***** Raw data
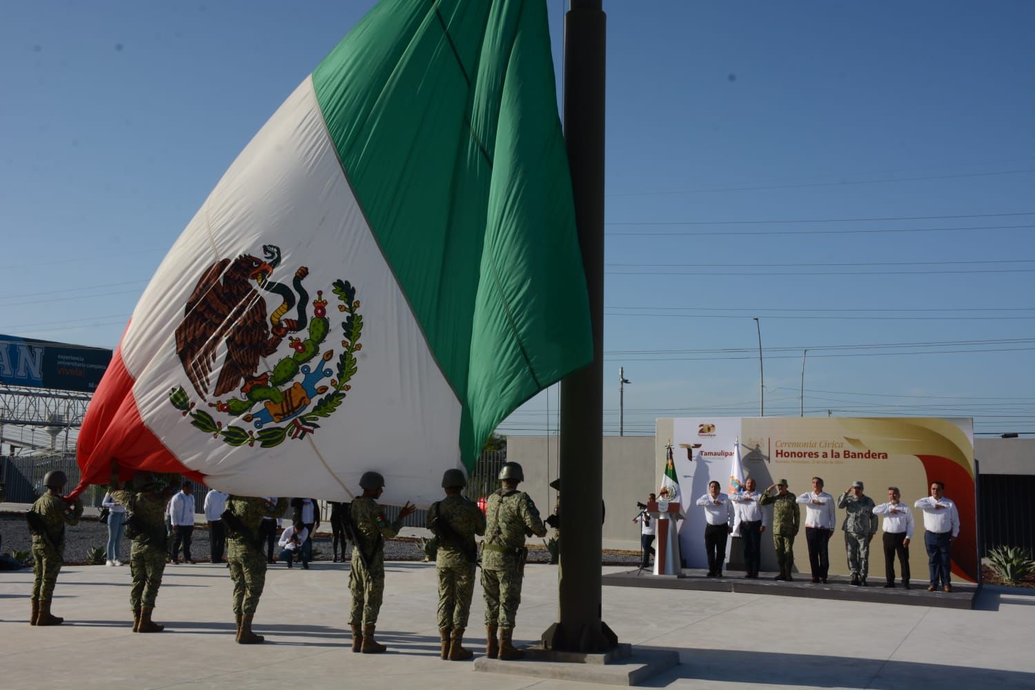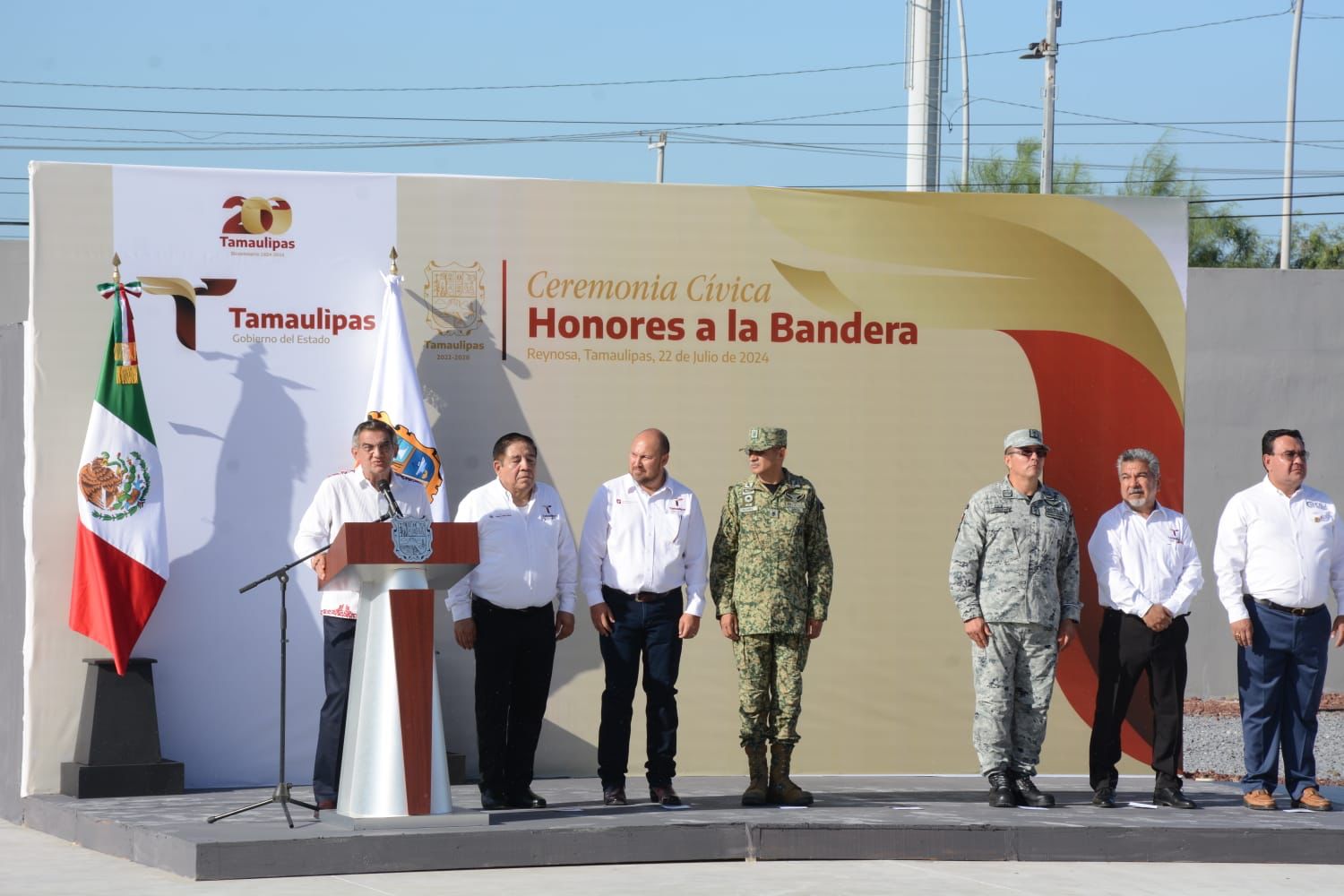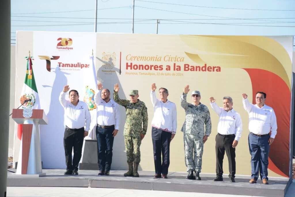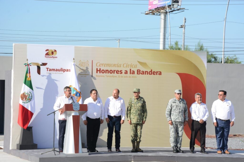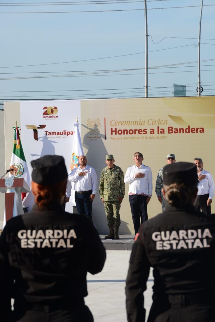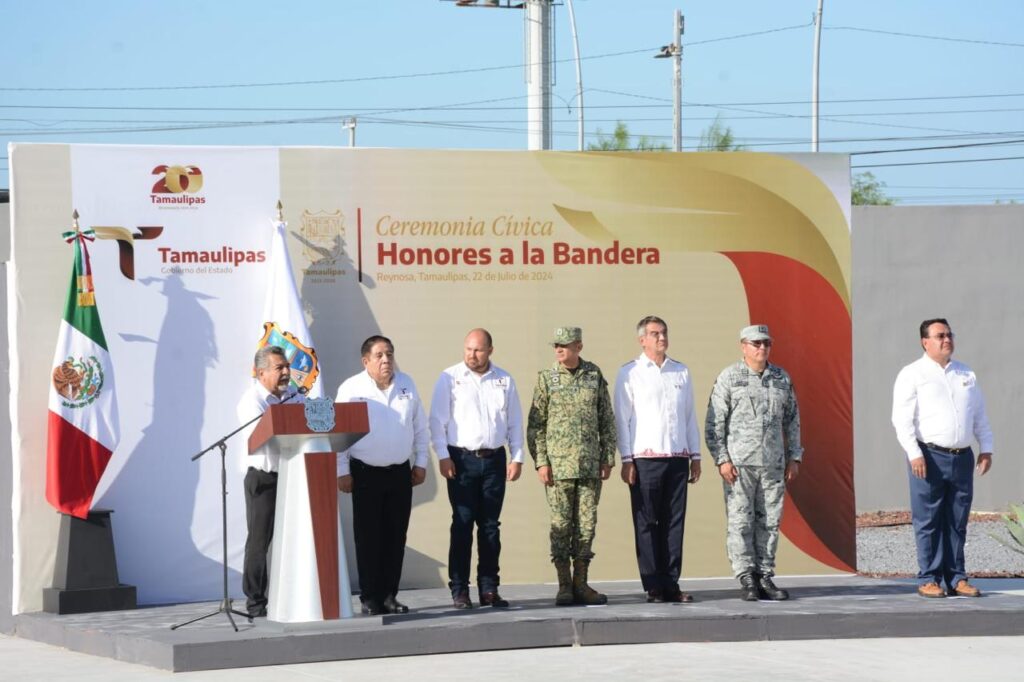 En esta ceremonia cívica, la bienvenida estuvo a cargo de Jorge Cuéllar Montoya, secretario ejecutivo del Sistema Estatal de Seguridad Pública, quien en su mensaje se refirió a los logros alcanzados en la administración de Américo Villarreal, ubicando a Tamaulipas como el noveno estado más seguro del país y el primero de las entidades en la frontera con Estados Unidos.
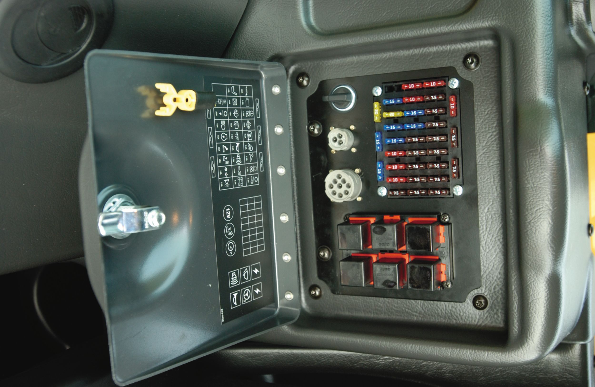 Located inside the cab, this service center provides a power port, diagnostic connector and Cat Data Link connector.
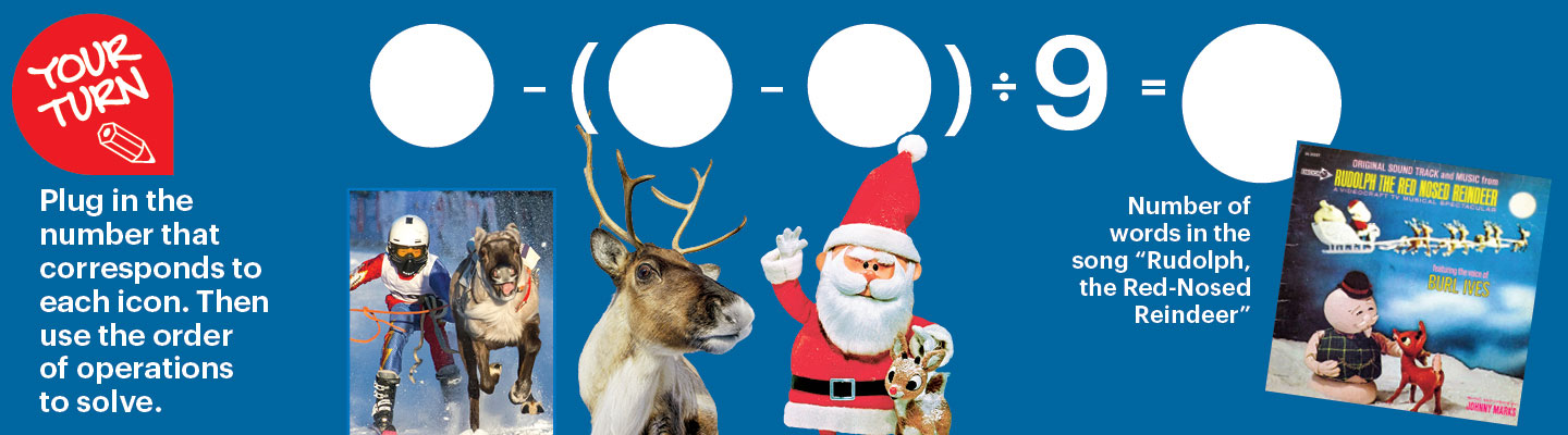 Read on to learn more about Rudolph and actual reindeer. Then plug in the numbers to solve the equation below and reveal a final fact.
**********
**Task**
Once the line containing "Located inside the" has been found, write out exactly that line and each one after it through the end of the data, leaving out every picture.

**Answer box**
 Located inside the cab, this service center provides a power port, diagnostic connector and Cat Data Link connector.
 Read on to learn more about Rudolph and actual reindeer. Then plug in the numbers to solve the equation below and reveal a final fact.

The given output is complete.